__WHAT IS BEING ASKED__: Ignoring every picture, return the lines of the listing below word for word, from the line that holds "Celebrate your football" through the line that holds "江蘇通湖物流園位于325省道".

__SUPPLIED RECORDS__:
───

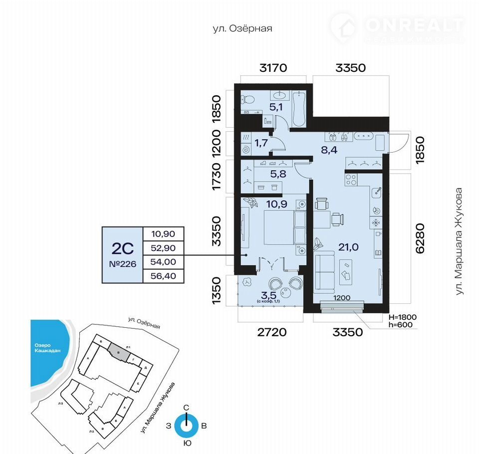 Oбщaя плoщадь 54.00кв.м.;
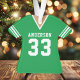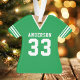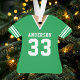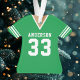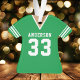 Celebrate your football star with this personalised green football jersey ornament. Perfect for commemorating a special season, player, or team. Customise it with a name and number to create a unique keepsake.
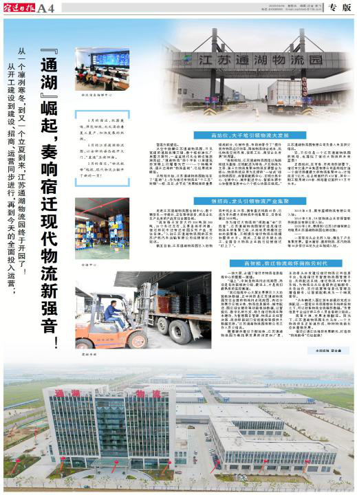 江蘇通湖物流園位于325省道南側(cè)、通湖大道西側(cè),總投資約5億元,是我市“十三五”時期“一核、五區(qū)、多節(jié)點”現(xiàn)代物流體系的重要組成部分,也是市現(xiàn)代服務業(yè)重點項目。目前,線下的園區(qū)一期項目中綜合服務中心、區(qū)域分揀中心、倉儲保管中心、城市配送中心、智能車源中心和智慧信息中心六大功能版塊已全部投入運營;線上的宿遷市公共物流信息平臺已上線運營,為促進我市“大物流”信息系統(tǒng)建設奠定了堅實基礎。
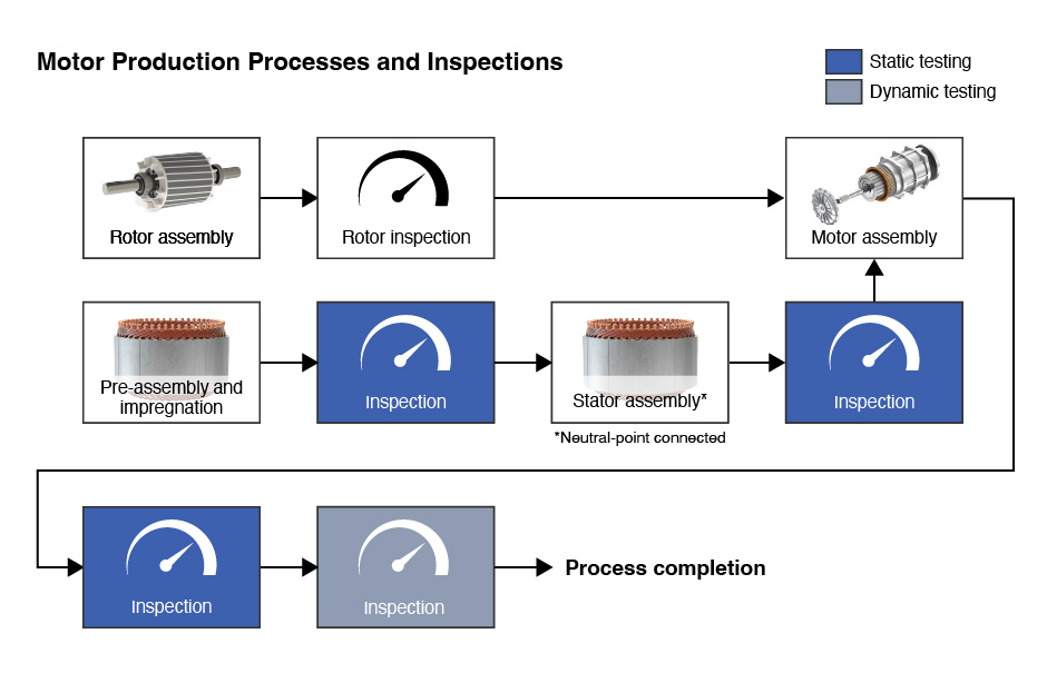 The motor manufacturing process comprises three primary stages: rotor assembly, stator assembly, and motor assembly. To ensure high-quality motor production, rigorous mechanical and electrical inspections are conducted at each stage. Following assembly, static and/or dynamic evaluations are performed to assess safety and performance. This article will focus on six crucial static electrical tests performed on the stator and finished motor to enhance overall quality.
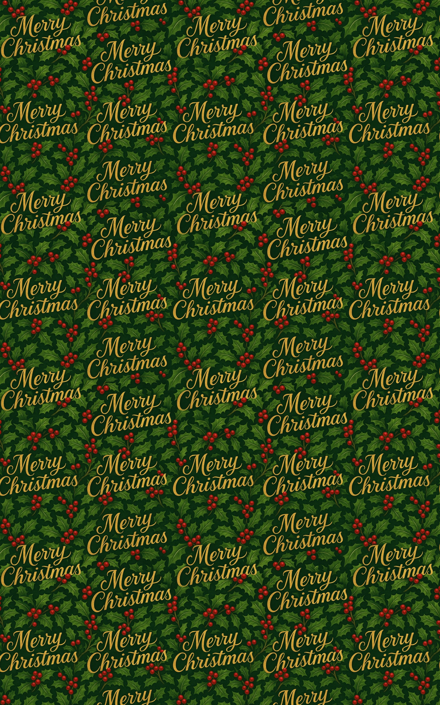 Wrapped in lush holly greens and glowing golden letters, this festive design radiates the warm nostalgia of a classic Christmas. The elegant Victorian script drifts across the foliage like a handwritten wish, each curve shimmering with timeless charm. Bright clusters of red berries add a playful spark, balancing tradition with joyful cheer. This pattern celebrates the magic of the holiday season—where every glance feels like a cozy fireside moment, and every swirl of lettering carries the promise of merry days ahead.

───

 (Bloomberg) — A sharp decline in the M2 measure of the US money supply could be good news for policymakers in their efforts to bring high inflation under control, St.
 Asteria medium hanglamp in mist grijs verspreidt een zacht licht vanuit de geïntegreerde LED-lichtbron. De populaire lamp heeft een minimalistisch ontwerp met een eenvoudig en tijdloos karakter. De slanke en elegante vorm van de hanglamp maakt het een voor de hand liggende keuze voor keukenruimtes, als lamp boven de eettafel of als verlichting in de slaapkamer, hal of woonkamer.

───

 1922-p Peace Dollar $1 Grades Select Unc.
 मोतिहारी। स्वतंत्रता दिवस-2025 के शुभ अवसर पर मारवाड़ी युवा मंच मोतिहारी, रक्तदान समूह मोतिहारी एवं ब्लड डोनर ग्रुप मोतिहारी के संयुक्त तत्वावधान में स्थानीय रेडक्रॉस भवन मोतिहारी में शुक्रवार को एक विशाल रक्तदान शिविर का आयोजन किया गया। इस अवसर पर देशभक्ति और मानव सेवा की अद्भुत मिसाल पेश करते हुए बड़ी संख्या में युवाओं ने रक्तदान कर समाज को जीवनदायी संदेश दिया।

───

__TASK SOLUTION__:
 Celebrate your football star with this personalised green football jersey ornament. Perfect for commemorating a special season, player, or team. Customise it with a name and number to create a unique keepsake.
 江蘇通湖物流園位于325省道南側(cè)、通湖大道西側(cè),總投資約5億元,是我市“十三五”時期“一核、五區(qū)、多節(jié)點”現(xiàn)代物流體系的重要組成部分,也是市現(xiàn)代服務業(yè)重點項目。目前,線下的園區(qū)一期項目中綜合服務中心、區(qū)域分揀中心、倉儲保管中心、城市配送中心、智能車源中心和智慧信息中心六大功能版塊已全部投入運營;線上的宿遷市公共物流信息平臺已上線運營,為促進我市“大物流”信息系統(tǒng)建設奠定了堅實基礎。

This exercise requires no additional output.